[[ DATA EXTRACTS, beginning ]]
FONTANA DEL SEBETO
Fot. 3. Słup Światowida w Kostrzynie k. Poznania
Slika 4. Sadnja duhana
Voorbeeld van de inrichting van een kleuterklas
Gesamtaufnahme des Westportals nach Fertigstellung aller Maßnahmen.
[[ DATA EXTRACTS, end ]]
[[ DATA EXTRACTS, beginning ]]
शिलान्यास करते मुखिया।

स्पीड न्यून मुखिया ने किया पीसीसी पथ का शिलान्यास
[[ DATA EXTRACTS, end ]]
[[ DATA EXTRACTS, beginning ]]
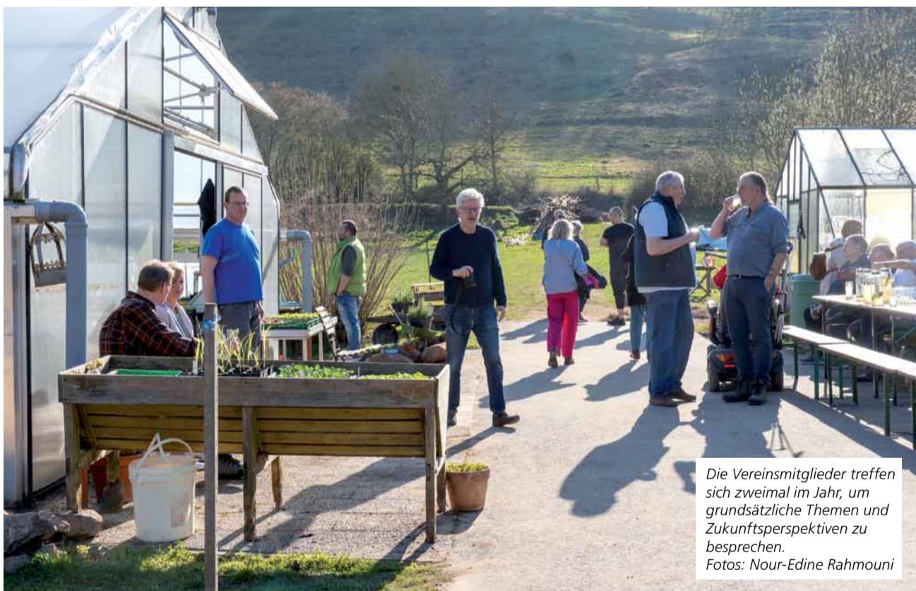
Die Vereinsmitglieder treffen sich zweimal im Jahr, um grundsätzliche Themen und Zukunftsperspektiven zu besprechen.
[[ DATA EXTRACTS, end ]]
» YOUR INSTRUCTIONS:
Repeat exactly the lines above from the one with "FONTANA DEL SEBETO" up to and including the one with "Gesamtaufnahme des Westportals". No other line belongs in the reply.

» SOLUTION:
FONTANA DEL SEBETO
Fot. 3. Słup Światowida w Kostrzynie k. Poznania
Slika 4. Sadnja duhana
Voorbeeld van de inrichting van een kleuterklas
Gesamtaufnahme des Westportals nach Fertigstellung aller Maßnahmen.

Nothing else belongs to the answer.